*Exercise data:*

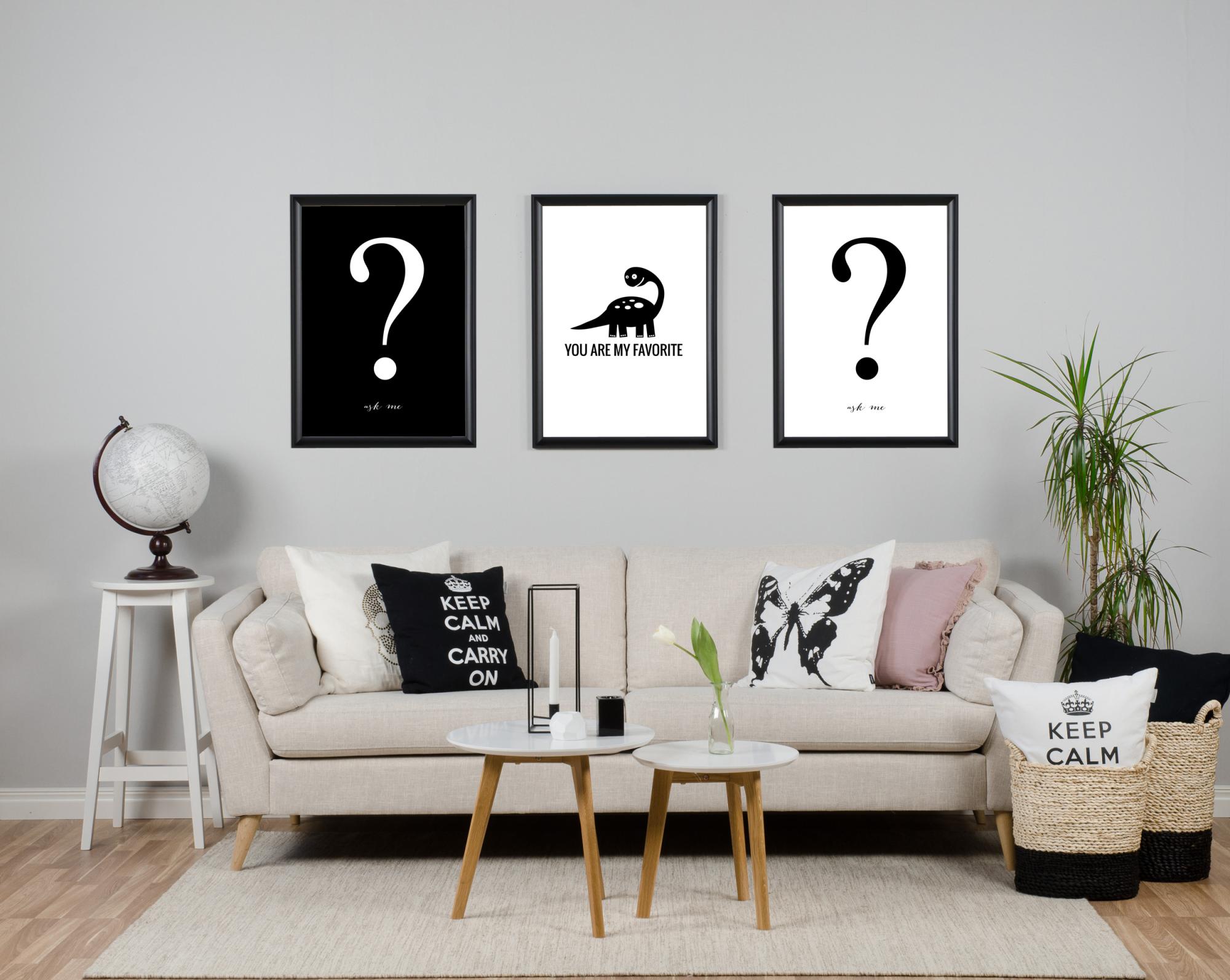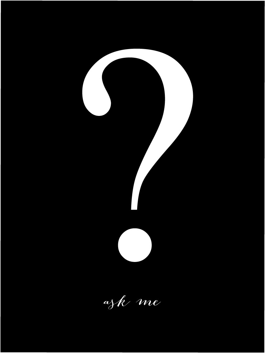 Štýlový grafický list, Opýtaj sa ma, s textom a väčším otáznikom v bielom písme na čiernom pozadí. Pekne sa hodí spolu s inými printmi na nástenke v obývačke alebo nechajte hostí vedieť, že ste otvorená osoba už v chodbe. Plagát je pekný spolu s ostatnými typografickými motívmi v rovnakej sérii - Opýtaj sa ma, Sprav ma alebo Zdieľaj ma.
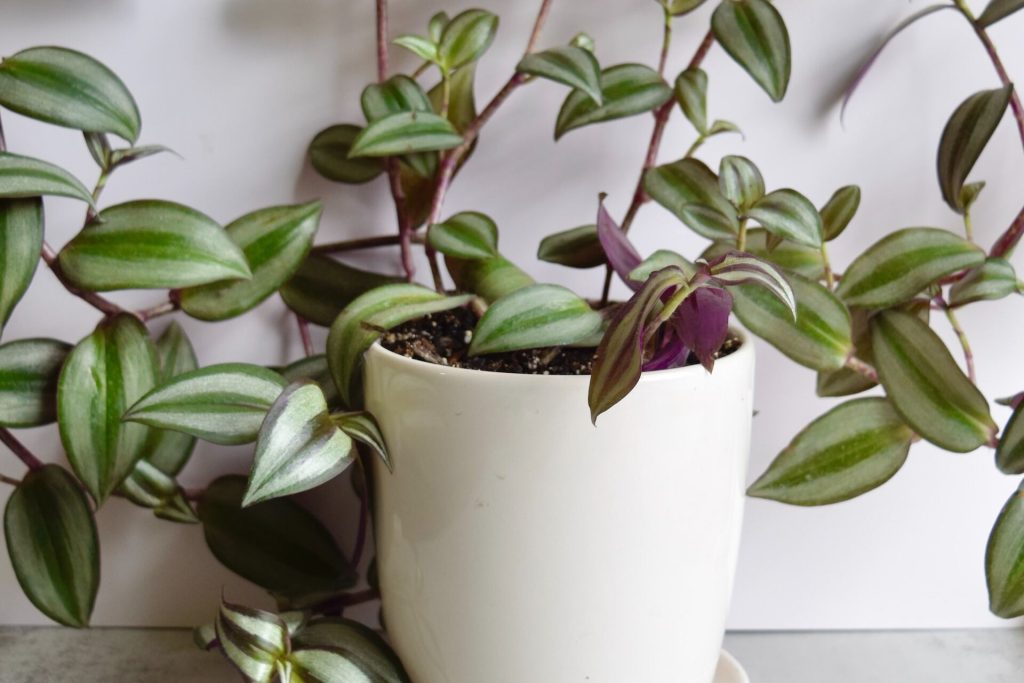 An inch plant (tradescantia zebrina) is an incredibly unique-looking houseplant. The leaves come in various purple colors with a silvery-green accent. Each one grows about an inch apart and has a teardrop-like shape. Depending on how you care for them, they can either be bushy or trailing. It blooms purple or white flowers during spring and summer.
--
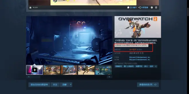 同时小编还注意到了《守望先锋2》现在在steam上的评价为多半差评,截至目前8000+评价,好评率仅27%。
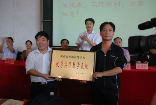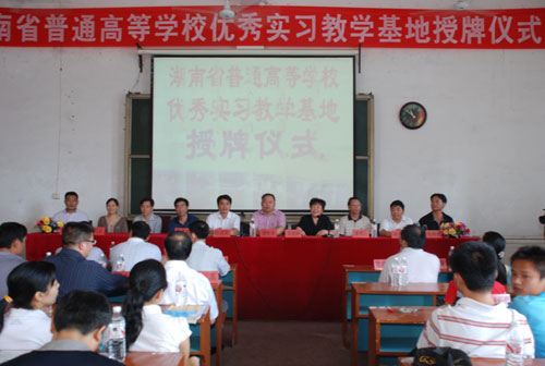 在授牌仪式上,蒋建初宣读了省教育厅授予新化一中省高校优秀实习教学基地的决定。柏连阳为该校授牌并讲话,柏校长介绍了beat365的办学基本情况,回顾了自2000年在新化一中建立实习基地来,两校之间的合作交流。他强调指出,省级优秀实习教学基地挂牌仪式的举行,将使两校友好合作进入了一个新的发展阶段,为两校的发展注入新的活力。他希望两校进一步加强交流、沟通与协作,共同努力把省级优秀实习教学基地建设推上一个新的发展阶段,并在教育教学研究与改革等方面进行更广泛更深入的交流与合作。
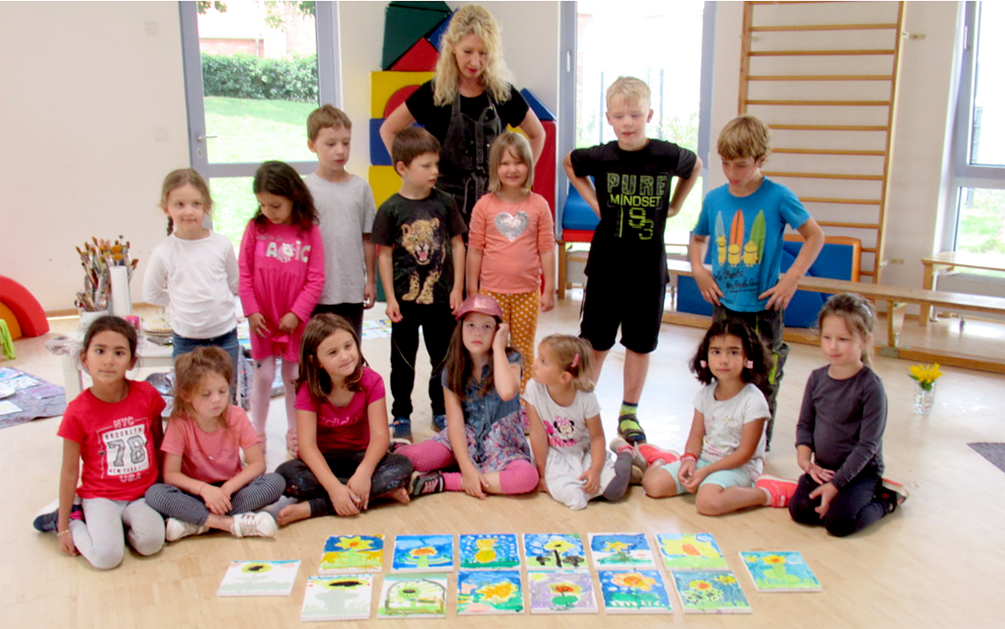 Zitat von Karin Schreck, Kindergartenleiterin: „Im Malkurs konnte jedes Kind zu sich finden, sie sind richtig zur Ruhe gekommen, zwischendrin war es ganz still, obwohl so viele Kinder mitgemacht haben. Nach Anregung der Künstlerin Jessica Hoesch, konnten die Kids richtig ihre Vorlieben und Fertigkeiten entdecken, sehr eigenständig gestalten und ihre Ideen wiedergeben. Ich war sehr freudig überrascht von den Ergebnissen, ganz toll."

*Task:*
Using the entries above, write out exactly the lines from the one with "Štýlový grafický list, Opýtaj" through the one with "An inch plant", ends included. Leave out any pictures.

*Exercise response:*
 Štýlový grafický list, Opýtaj sa ma, s textom a väčším otáznikom v bielom písme na čiernom pozadí. Pekne sa hodí spolu s inými printmi na nástenke v obývačke alebo nechajte hostí vedieť, že ste otvorená osoba už v chodbe. Plagát je pekný spolu s ostatnými typografickými motívmi v rovnakej sérii - Opýtaj sa ma, Sprav ma alebo Zdieľaj ma.
 An inch plant (tradescantia zebrina) is an incredibly unique-looking houseplant. The leaves come in various purple colors with a silvery-green accent. Each one grows about an inch apart and has a teardrop-like shape. Depending on how you care for them, they can either be bushy or trailing. It blooms purple or white flowers during spring and summer.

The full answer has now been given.